EARTHSHELL CORPORATION
a Delaware corporation
By: /s/ Xxxxx Xxxxxxx
--------------------------
Title: Chief Financial Officer
XXXXXXX X. XXXXXX
/s / Xxxxxxx X. Xxxxxx
4
Schedule A
Performance Bonus Criteria
1. $50,000 upon achieving positive cash flow from domestic operations
for the first full quarter.
2. $50,000 upon achieving positive cash flow from domestic operations
for the first six months.
3. $75,000 upon achieving positive cash flow from domestic operations
for the first full year.
4. $50,000 upon completion of the RPI "reverse merger".

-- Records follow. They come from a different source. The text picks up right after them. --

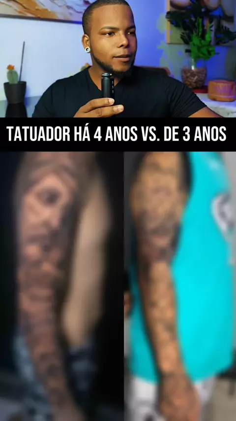 4 anos de tatuagem vs 1 ano. O tempo aparece no resultado? Nem sempre do jeito que você imagina. O Wesley, com 4 anos de carreira, trouxe um trabalho muito bem encaixado, aplicação consistente e excelente preservação de pele aberta. A composição está equilibrada e bem distribuída no membro. O ponto de ajuste está na indefinição do rosto do anjo no antebraço. Em realismo, às vezes é necessário adicionar traços estratégicos para criar separação e leitura clara entre os elementos. Definição não ti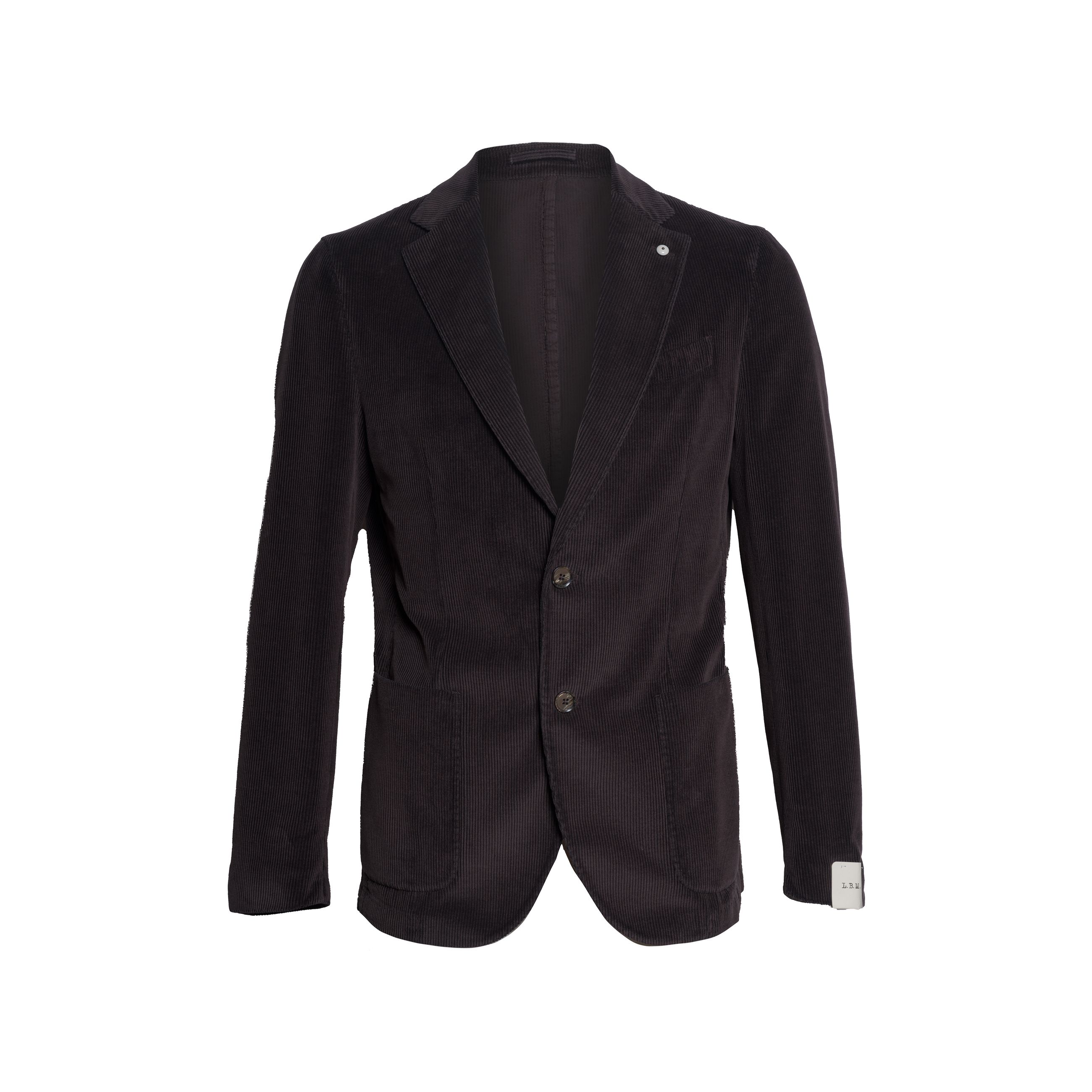 Giacca da uomo L.B.M 1911. Modello monopetto a due bottoni sfoderata con rever a specchio, tasca applicata, doppio spacco posteriore e vestibilità regular fit. Giacca realizzata in velluto di cotone a costa stretta. Bottoni in corno.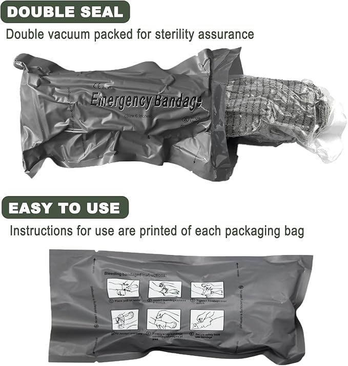 - STERILITY GUARANTEED: This approved device for first aid applications is individually vacuum sealed to guarantee sterility and safety. The compact and portable package is easy to safely store in a backpack, first aid kit, medic trauma bag, car, and more. Materials include chitosan fiber, calcium alginate fiber, polyurethane functional film, self-adhesive elastic bandage, and absorbent cotton.

5. $50,000, upon EarthShell's receiving $500,000 in royalty revenue
from each licensee (individually), provided that any such licensee
relationship and revenue in question is considered to be sustainable
at that time in the reasonable judgment of the Compensation
Committee.
6. $75,000 at the time that the stock of EarthShell Corporation is
relisted on NASDAQ.
Bonus criteria 1, 2, 3, 4 and 5 above expire on December 31, 2006, and
bonus criterion 6 expires on March 31, 2006.
In no event, however, shall bonus payments be made unless and until the
Company has at least $200,000 in its cash account for a consecutive period of
over thirty (30) days subsequent to the due date of any bonus payment.